**Material provided**
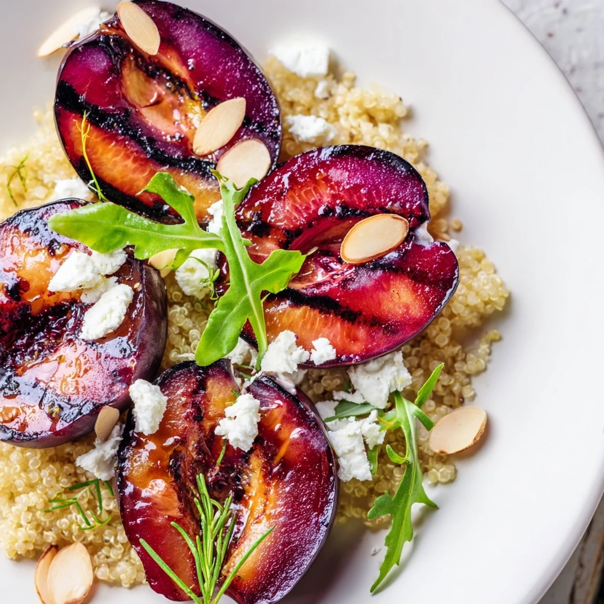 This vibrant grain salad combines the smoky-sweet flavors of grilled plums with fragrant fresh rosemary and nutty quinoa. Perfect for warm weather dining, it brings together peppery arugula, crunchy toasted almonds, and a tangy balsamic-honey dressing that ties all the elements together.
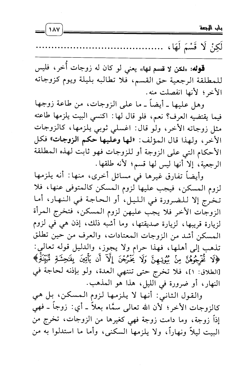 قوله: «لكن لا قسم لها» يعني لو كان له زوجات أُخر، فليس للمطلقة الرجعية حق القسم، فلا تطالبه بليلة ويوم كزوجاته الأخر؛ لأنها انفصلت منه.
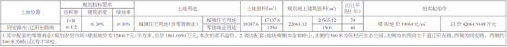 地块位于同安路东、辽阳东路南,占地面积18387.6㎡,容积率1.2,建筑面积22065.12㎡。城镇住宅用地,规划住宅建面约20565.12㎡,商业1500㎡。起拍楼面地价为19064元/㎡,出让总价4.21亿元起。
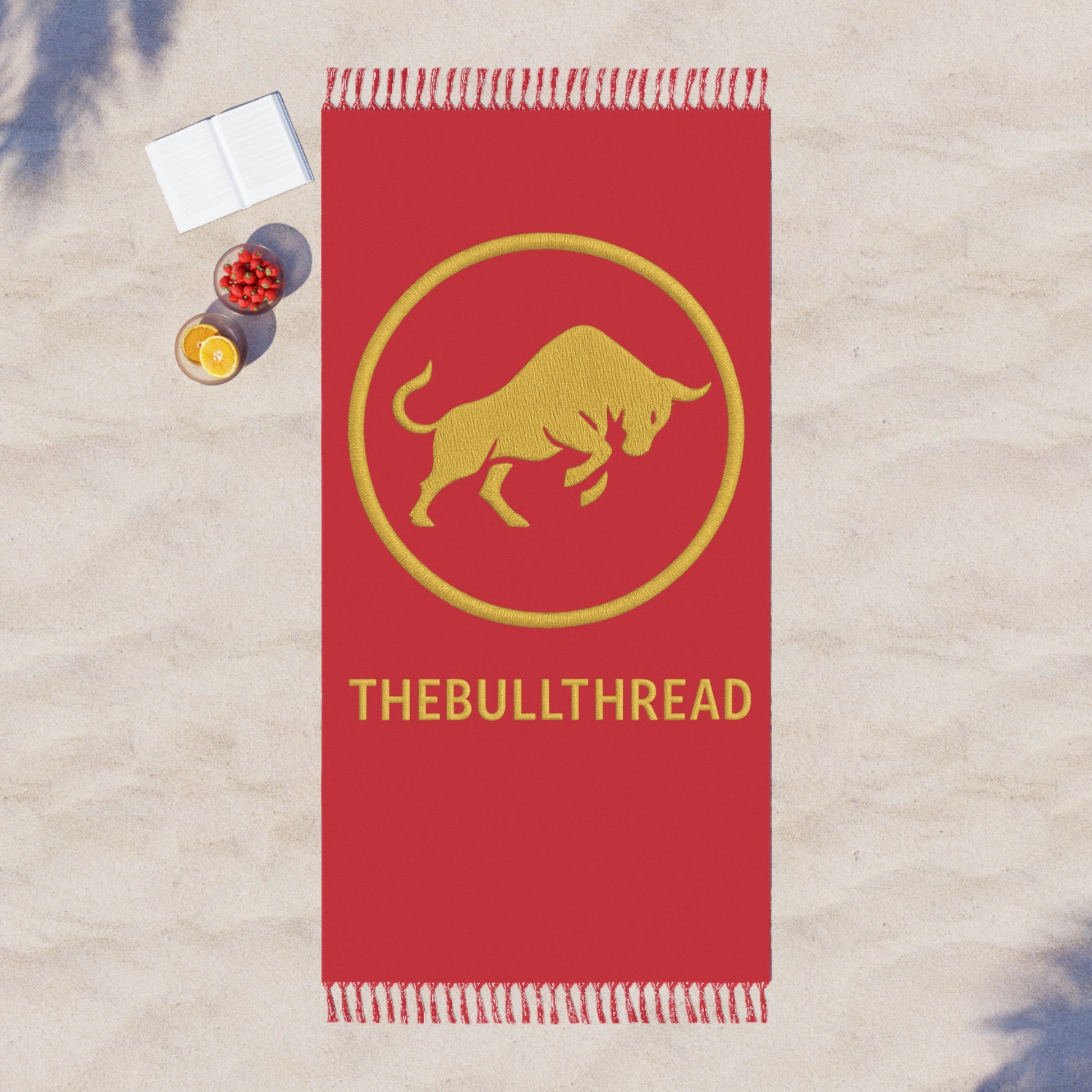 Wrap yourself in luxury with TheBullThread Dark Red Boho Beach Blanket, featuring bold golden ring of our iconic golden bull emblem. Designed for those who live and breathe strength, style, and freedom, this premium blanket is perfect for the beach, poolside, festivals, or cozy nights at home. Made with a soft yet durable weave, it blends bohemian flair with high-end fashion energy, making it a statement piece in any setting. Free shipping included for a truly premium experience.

**Task description**
While leaving pictures out, reproduce exactly the lines from the beginning of the listing above through the line containing "地块位于同安路东、辽阳东路南", both ends included.

**Answer to the exercise**
 This vibrant grain salad combines the smoky-sweet flavors of grilled plums with fragrant fresh rosemary and nutty quinoa. Perfect for warm weather dining, it brings together peppery arugula, crunchy toasted almonds, and a tangy balsamic-honey dressing that ties all the elements together.
 قوله: «لكن لا قسم لها» يعني لو كان له زوجات أُخر، فليس للمطلقة الرجعية حق القسم، فلا تطالبه بليلة ويوم كزوجاته الأخر؛ لأنها انفصلت منه.
 地块位于同安路东、辽阳东路南,占地面积18387.6㎡,容积率1.2,建筑面积22065.12㎡。城镇住宅用地,规划住宅建面约20565.12㎡,商业1500㎡。起拍楼面地价为19064元/㎡,出让总价4.21亿元起。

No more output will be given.